Pitié pour l’hôtesse !

Nous avons pris place depuis quelques minutes dans l’avion, et nous sommes déjà plongés dans nos livres ou nos revues, dans nos pensées en regardant à travers le hublot, ou dans nos rêves puisque certains ont déjà les yeux clos. Mais pas un n’a réagi à l’annonce des consignes de sécurité. Pourtant elle est là, elle est belle, et elle s’agite devant nous en livrant les secrets de la ceinture de sécurité, en présentant la fiche descriptive de l’appareil, et en nous indiquant les voies tracées au sol vers les issues de secours. Je regarde autour de moi, et je constate que je suis le seul à avoir interrompu ma lecture. Je l‘ai interrompue, non pas parce que je souhaite découvrir ces consignes – depuis le temps que je prends l’avion, je les ai mémorisées – mais tout simplement par respect, ou parfois même, par pitié pour l’hôtesse. Mettez-vous à sa place ! Elle a pour obligation de nous dire l’indispensable, en cas de problème, pour maintenir un niveau de sécurité maximal pour tous. Et nous sommes tous là à l’ignorer, alors qu’elle essaye vainement de capter notre attention. Quel formateur ou formatrice apprécierait de faire une démonstration devant des têtes baissées ou des yeux fermés ?

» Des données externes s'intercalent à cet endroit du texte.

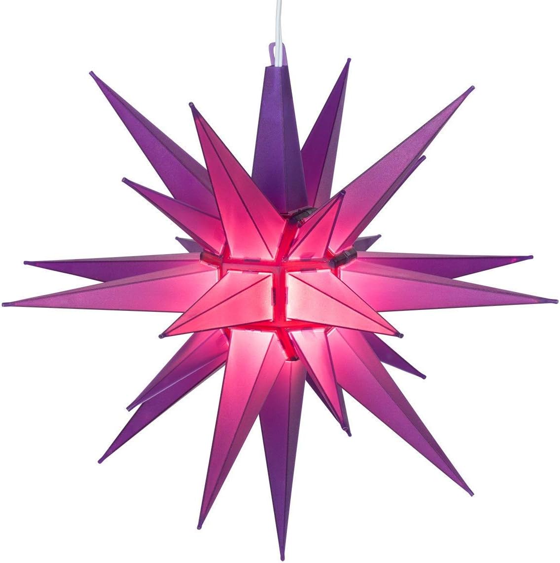 Brightly shining stars in the night are sure to attract guests eyes! Illuminate the night sky with amber Moravian stars. Spanning 14", each star is the perfect size to make a statement in trees, on porches and adorning fence lines. Durable plastic encasing an energy efficient LED bulb, Moravian stars are made to last.

Mais le pire, c’est lorsque qu’elle attaque le masque à oxygène. Là, pour elle, ce doit être terrible : snobée par les passagers, voilà qu’il lui faut maintenant enfiler ce masque sur son maquillage frais. Un masque jaune poussin, anti esthétique au possible ! Jusque-là, son regard restait figé vers l’arrière de l’appareil. Mais avec ce truc là sur le nez, gênée, ses yeux vont de gauche à droite, balayant un par un les voyageurs. Dans sa tête, c’est la logique inverse qui s’amorce : « Pourvu que personne ne lève la tête » se dit-elle. Ben oui, au moment où cette splendide hôtesse se décore la mâchoire d’un capuchon jaune, ce serait dommage d’être vu. C’est à ce moment-là que son regard s’arrête sur un passager. Il s’appelle Olivier Bureau ! Alors que tout le monde s’en fout, c’est le seul connard qui semble être intéressé par ce qui se passe dans le couloir de l’avion. A ce moment-là – permettez que je reprenne le relais puisqu’il s’agit de moi bien évidemment – je baisse la tête car j’ai un peu honte de l’avoir matée si longtemps. Désormais sans la fixer, je perçois dans mon champ de vision qu’elle continue à s’agiter avec ce masque. La pauvre, il lui faut en plus, refaire tous les mouvements pour coller à la version anglaise qui se fait entendre dans les haut-parleurs. Quel supplice !

Lorsque je relève la tête, elle a déjà troqué son masque à oxygène contre un gilet de sauvetage, qu’elle nous déplie vers le bas, tel un yoyo, en le maintenant par une cordelette. Pendant qu’elle exécute le mouvement approprié, la voix précise qu’il faut enfiler le gilet par la tête, dans l’éventualité où il y ait des demeurés qui tenteraient de l’enfiler par la taille. Puis, chose importante, une fois sur soi, le gilet doit se gonfler en tirant sur les poignées situées au niveau de la poitrine. Au moment de cette information vitale, j’ai souvent l’esprit qui part ailleurs, compte tenu du fait que personne n’écoute. Je m’imagine seul, en plein océan, au beau milieu de débris d’avion. Je flotte sur l’eau grâce à mon gilet de sauvetage gonflé à bloc. Soudain, un autre passager nage péniblement vers moi. Il est gêné dans ses mouvements de brasse par son gilet qu’il a enfilé comme un pantalon. S’agrippant à moi, il me dit « Au secours ! … Comment on gonfle le gilet ? ». Alors d’un air froid je lui réponds : « T’avais qu’à écouter, pauv’ con ! ». Et dans le même moment, je pose ma main sur le dessus de sa tête, et je l’enfonce, de plus belle, vers les fonds marins.

Je sais ! Pas très humain comme rêve ! Mais mince ! C’est exaspérant ! Je suis sûr que parmi ceux qui jouent les hommes d’affaires dans l’avion et qui snobent l’hôtesse durant ses démonstrations, il y en a plein qui, en cas de catastrophe, seraient sous l’emprise de la panique en criant à tue-tête : « Comment on fait ? Comment on fait ? ». Alors, une fois installés dans nos sièges, avant que l’avion décolle, levons tous la tête ! Regardons l‘hôtesse et écoutons les consignes ! Et si toutefois c’est du rabâchage, faisons comme si on découvrait. Et si ce n’est pas par pitié pour l’hôtesse, au moins que ce soit par respect pour le métier qu’elle exerce devant nous.